A successful production ruleset will need to be improved from time to time.

Reviewing a Change

Points to consider when reviewing a model change:

  • Make sure the metrics are better. If the change involved adding samples, do a fathom test run with the old coefficients (and the new samples) as a baseline. This should result in worse metrics than the production ruleset, since you made it harder by introducing failing samples. Then compare those metrics to a new fathom train run with the new samples and any ruleset code changes. If the second metrics are better, you should adopt the new model. See Evaluating Metrics for how to compare them.

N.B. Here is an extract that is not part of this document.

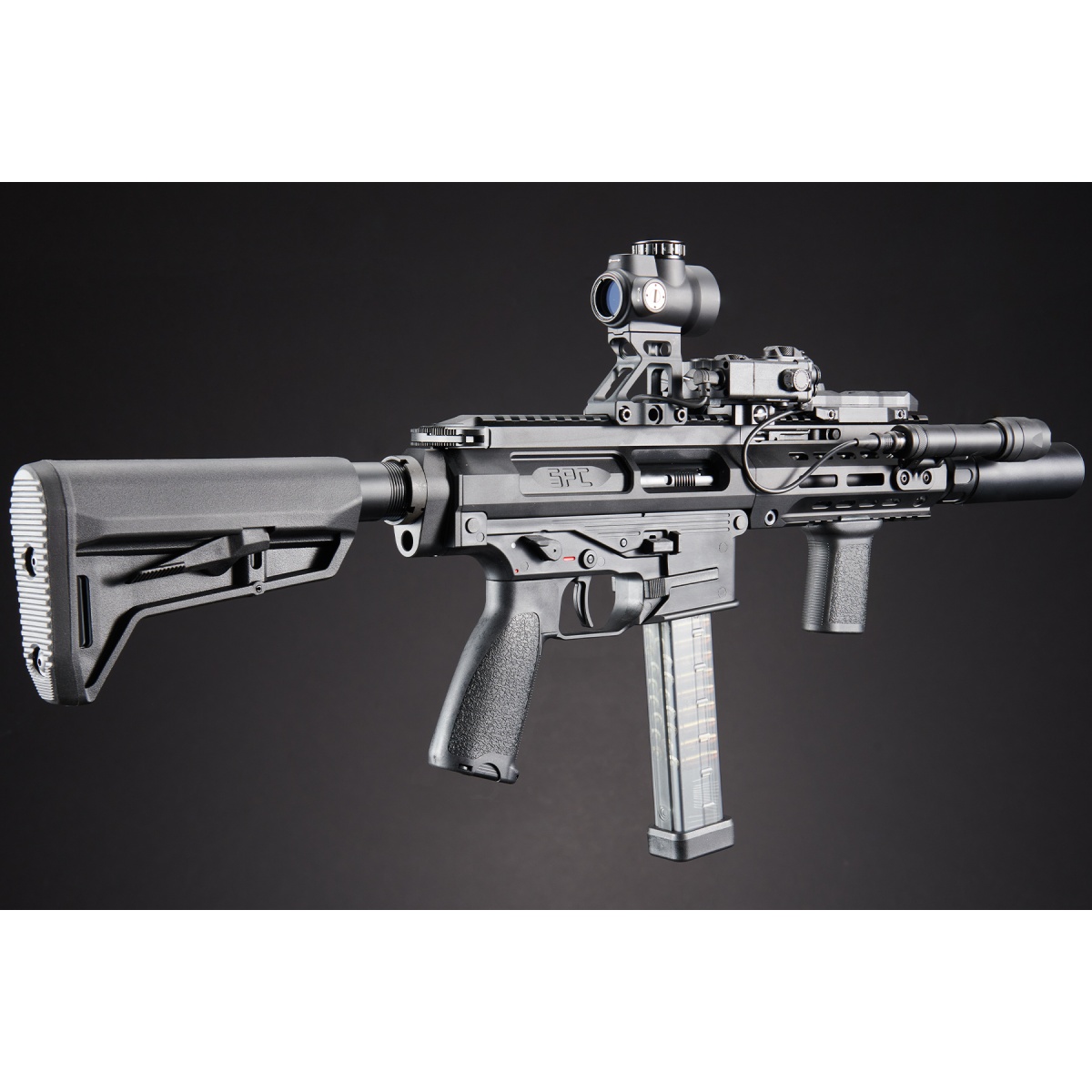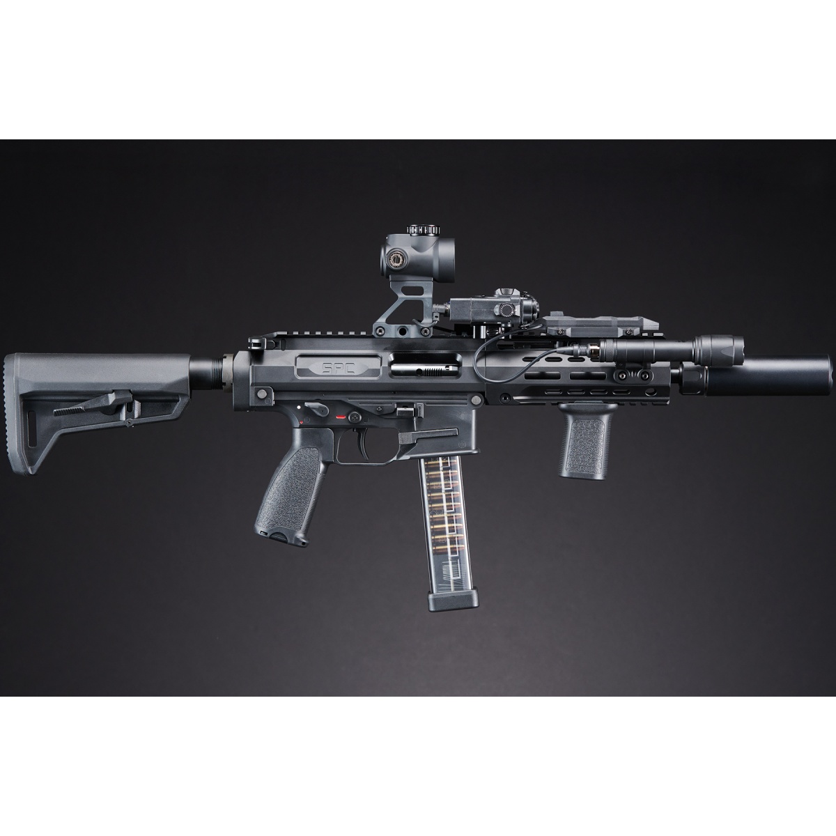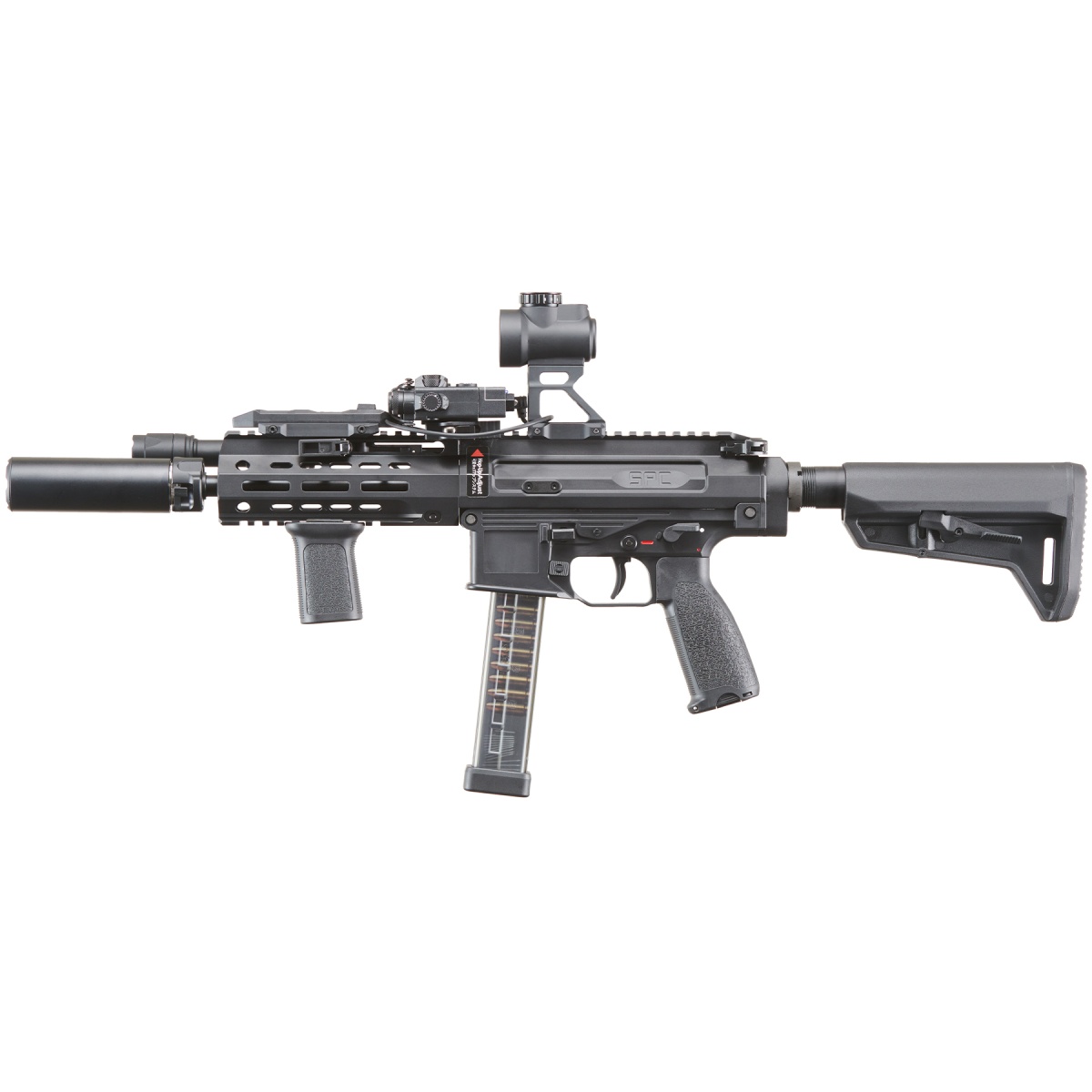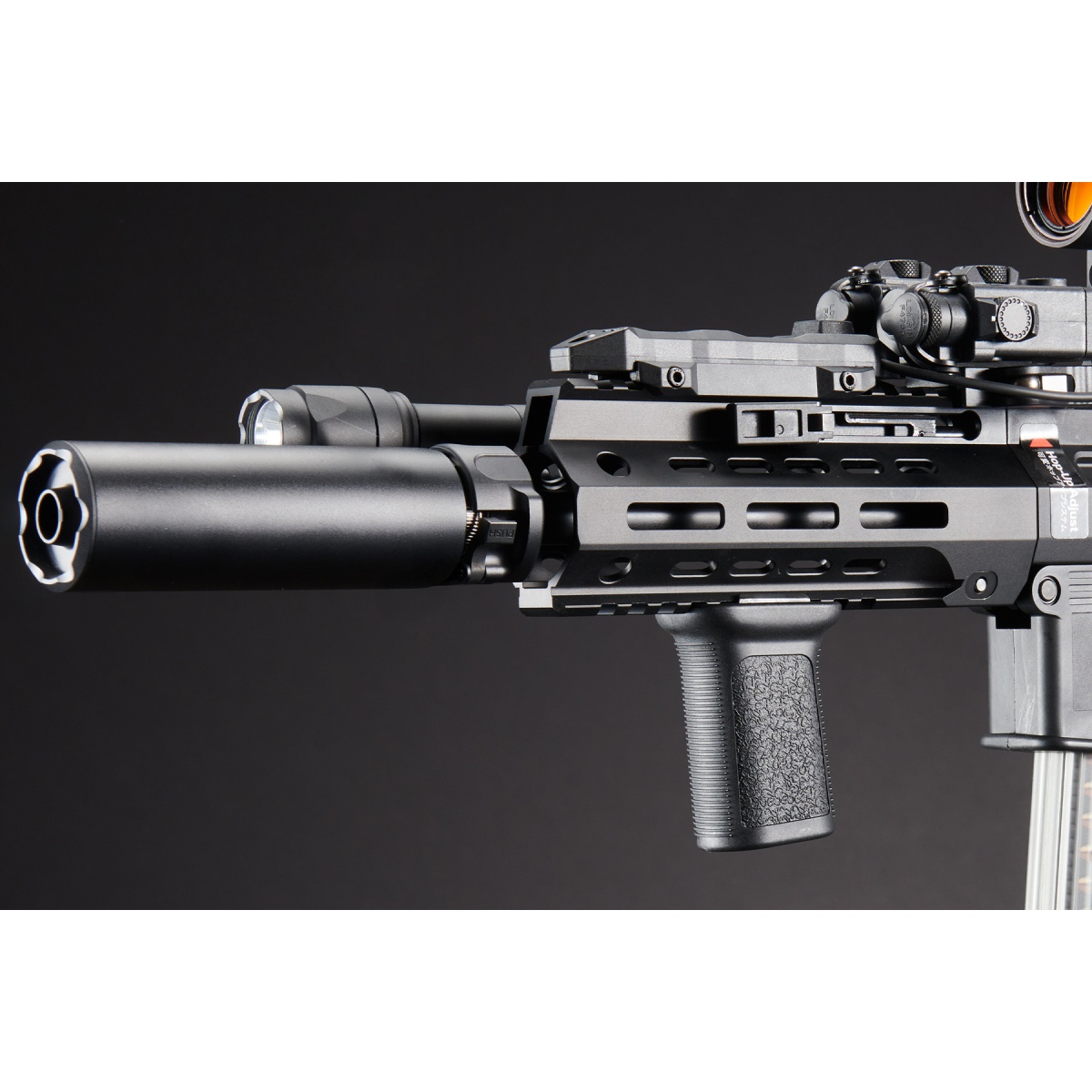 The Custom Maruyama NOX - 5PC Carbine GBB Airsoft Gun (Black) is a premium gas blowback rifle built for realism, reliability, and modular customization. Manufactured in Taiwan with precision Japanese design, this full-metal GBB rifle utilizes VFC-spec internals, delivering smooth cycling and crisp recoil with every trigger pull. It operates on green gas and shoots around 320 FPS with an adjustable hop-up for consistent accuracy. The robust hybrid build-featuring aluminum alloy, reinforced polymer, and steel components-ensures durability while keeping the platform lightweight for maneuverability. Whether you're engaging in full-auto CQB or semi-auto mid-range encounters, the NOX offers adaptable performance and rock-solid handling. With ambidextrous controls, a collapsible carbine stock, and adjustable sights, it's tuned for both right and left-handed users in diverse airsoft scenarios. Outfitted with a series of high-performance upgrades, this build is competition and field-ready. It includes the Unicorn 6.03mm precision inner barrel and upgraded bucking for enhanced accuracy, the Atlas Custom Works SOCOM QD barrel extension, and MRO 45-degree offset red dot sight for versatile aiming setups. A vertical foregrip, enhanced pistol grip, and ACW DBAL-A2 red/IR laser provide ergonomic control and superior target acquisition. Illumination is covered with the M640C 640-lumen scout light, powered by Lancer Tactical CR123A batteries, and managed by a Ranger Armory dual pressure switch for seamless control of your laser and light. This carbine also features QD sling points, a QD barrel suppressor system, and robust optics mounts for complete tactical flexibility. Perfect for experienced players or collectors, the Maruyama NOX offers a fully upgraded, visually aggressive GBB rifle platform that dominates in realism and battlefield presence-available now to take your airsoft loadout to the next level.

    Ideally you can collect several samples representative of the problem you’re trying to solve and distribute them across the training/validation/test sets. If you can find only one, you’ll have to settle for putting it in training so the coefficients can be informed by it.

  • Make sure the “before” and “after” metrics, with commandline flags, are in the commit message to justify the change.

  • Review ruleset code changes as in a normal code review, for correctness and comprehensibility.

If Adding Samples

If you added samples to the corpus, do these as well:

  • Make sure the names of the samples conform to the convention documented in samples/rubric.txt.

  • Check that the samples have been extracted and render properly in Firefox. Use fathom serve to make sure cross-origin policies (which are picky for file:// URLs) aren’t preventing the loading of subresources. Improper rendering can cause improper training.